# Easy way to source components, etc?



## Steve973 (Feb 19, 2022)

Hello.  I am brand new to building pedals, and also brand new to this forum.  I bought a kit from a well-known website, and I had some issues with it (missing components, components with different part numbers than called for on the parts list, and fitment issues with the box).  It is a good kit, and I have full confidence that the vendor will make things right.  But it has me thinking... 

To get to the point, I was considering purchasing boards for some pedals directly from PedalPCB.  But I don't really know how I should source the components for the build.  There are websites like Mouser, but I might not necessarily want to buy a whole bunch of every component when I only need 1 or 2 for the build.  As a silly example, I may or may not build other pedals that use these components, so it doesn't really make sense for me to start with a pack of 50 and have 48 10K resistors left over.  What do most of you do when sourcing your components?  How do you determine which components are of high enough quality for audio applications?

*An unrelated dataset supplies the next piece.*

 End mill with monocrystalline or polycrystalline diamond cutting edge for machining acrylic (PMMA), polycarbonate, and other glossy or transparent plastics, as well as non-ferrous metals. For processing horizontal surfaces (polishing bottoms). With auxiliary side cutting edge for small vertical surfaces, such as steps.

Also, I specifically want to build the Muzzle noise gate pedal.  I have not been able to find a source for the THAT4305.  Mouser has a demo kit, but it is already on a board.  The last part is how people normally drill out their boxes.  What types of bits, etc., do you use, particularly for holes with the diameter needed for components like an XLR jack?

Also, I'd like to keep this really open-ended.  I might not know enough, yet, to ask questions about things I might need to know.  So, feel free to also offer unsolicited advice, if there is something you feel especially strongly about.  Thanks in advance!


----------



## BuddytheReow (Feb 19, 2022)

This question has been asked many times on this forum. Use the search feature but I’ll put my 2 cents in here.

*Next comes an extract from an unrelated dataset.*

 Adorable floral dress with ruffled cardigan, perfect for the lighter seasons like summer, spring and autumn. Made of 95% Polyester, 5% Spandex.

For most components either on or offboard I would suggest Tayda as your first spot. They are pretty cheap for most items. Stock up on resistors, pots, enclosures, and capacitors here. Resistors are $0.015 each and you’ll need to buy in sets of 10. Shipping may take a while depending on where you are (about 2 weeks for me in the US). Like I said this should be your first stop for most standard components.

Also, depending on how deep down this rabbit hole you’d like to go I would highly suggest buying extras of everything. Need only 1 resistor of a certain value? Get 10 at a minimum. Only need 1 enclosure? Get 2. I’m suggesting this for 2 reasons: you’ll have spares in case you screw up and you won’t need to buy so many things for your next build. If you get lucky you may only need to buy just the pcb for a future build from all the stockpiling you’ve done!

For your more quirky items like the THAT4305 you’ll have to dig around or ask people here.

There is a great step by step build guide here on this forum. Check it out





						Basic Workflow Tips for Building a PedalPCB
					

Hello! This is my method for building a PedalPCB from start to finish. Is it the right way? Not necessarily. It's just what works for me and I hope it sheds some light on certain steps in the process along the way. I created this as a reference guide for anyone to use if needed. Thanks for...



					forum.pedalpcb.com


----------



## Steve973 (Feb 19, 2022)

BuddytheReow said:


> This question has been asked many times on this forum. Use the search feature but I’ll put my 2 cents in here.


Thanks for including the advice.  I did some searching, but either I used the wrong terms, or the search results were presented in a way that didn't clearly give me the info that I was looking for.  I'm checking out Tayda now, by your recommendation.  Thanks again!


----------



## fig (Feb 19, 2022)

For drilling, I use a 3-12mm step bit and the PedalPCB drill guide. A lot of folks use the Tayda drill service.


----------



## JamieJ (Feb 19, 2022)

I think it’s fair to say most us use tayda for the majority of the parts (capacitors/resistors/enclosures etc), then it unfortunately takes quite a bit of searching the internet to find some parts. You’ll make lots of mistakes ordering the wrong parts but it’s a great way to get know the hobby in greater detail than buying kits.


----------



## jeffwhitfield (Feb 19, 2022)

Or you can just, you know, pay me to do it for you. 😏🤪


----------



## jeffwhitfield (Feb 19, 2022)

In all seriousness, there are a variety of vendors with some being more used than others: Tayda, Mouser, StompBoxParts, AmplifiedParts, and others. Some are cheaper than others but might not give you the highest quality of components you’re looking for.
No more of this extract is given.